# ChromeOS Zero Released



## Mumbodog (Oct 3, 2007)

> a small build designed for speed and aesthetics


http://chromeos.hexxeh.net/

Interview with the Author
http://www.thechromesource.com/interview-chrome-os-zeros-hexxeh/


----------



## TechGuy (Feb 12, 1999)

Wait... what the heck is this? It looks like just some student calling a product Chromium. I guess it's based on the Google build? Looks weird to me...


----------



## Mumbodog (Oct 3, 2007)

From the Interview



> From Chrome OS Diet to Cherry and now the latest, Zero, Hexxeh has been the primary source for Chrome OS build releases ever since Google released the Chromium code to the masses in November. They've been popular mostly because they work with a lot of existing hardware, plus the builds are small enough to fit on any USB drive. We got a chance to ask some questions of Hexxeh, who just released Chrome OS Zero a few days ago and talks about how he got started, future job prospects and some technical features in his latest version.


----------



## linuxphile (Mar 6, 2003)

Ah, both the beauty and confusion of open source software. 

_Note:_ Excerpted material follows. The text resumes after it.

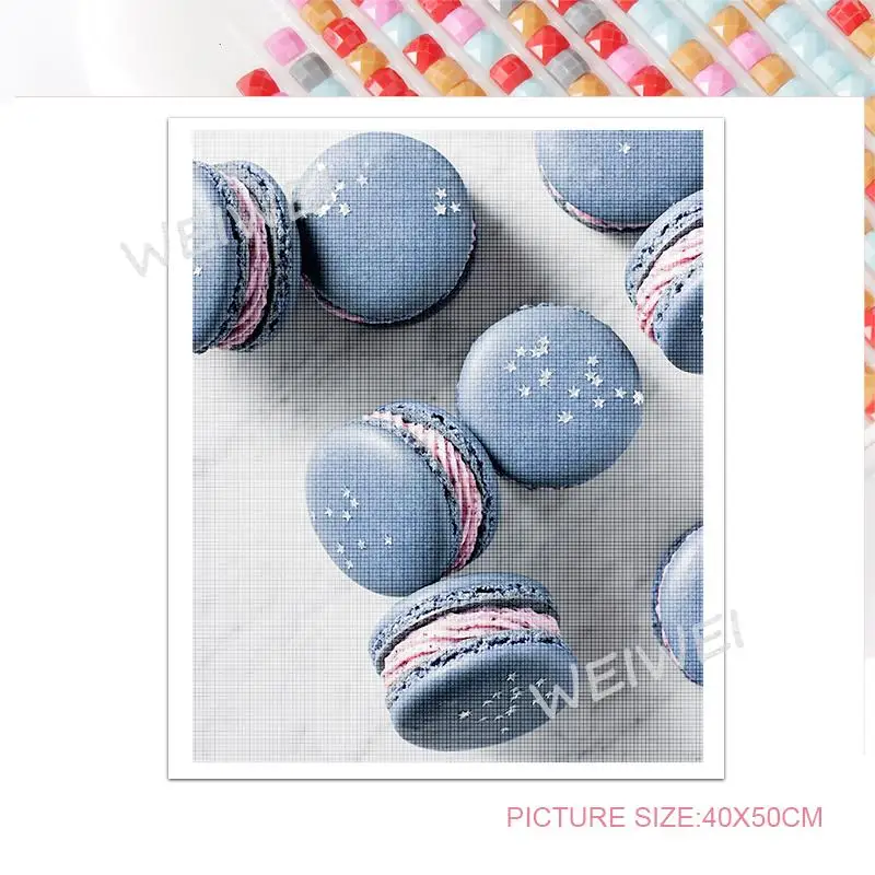 5D Diy алмазная живопись синий десерт Макарон Алмазная вышивка полная квадратнаяКруглая Мозаика вышивка крестиком настенное искусство домашний декор

Has anyone actually installed the latest build. I played around with a live version of the first release and wasn't terribly impressed. In fact I was a little let down. But I haven't played with it since.


----------



## Mumbodog (Oct 3, 2007)

No, I haven't, but this quote tells me it probably is not much of an OS.



> a small build designed for speed and aesthetics


.


----------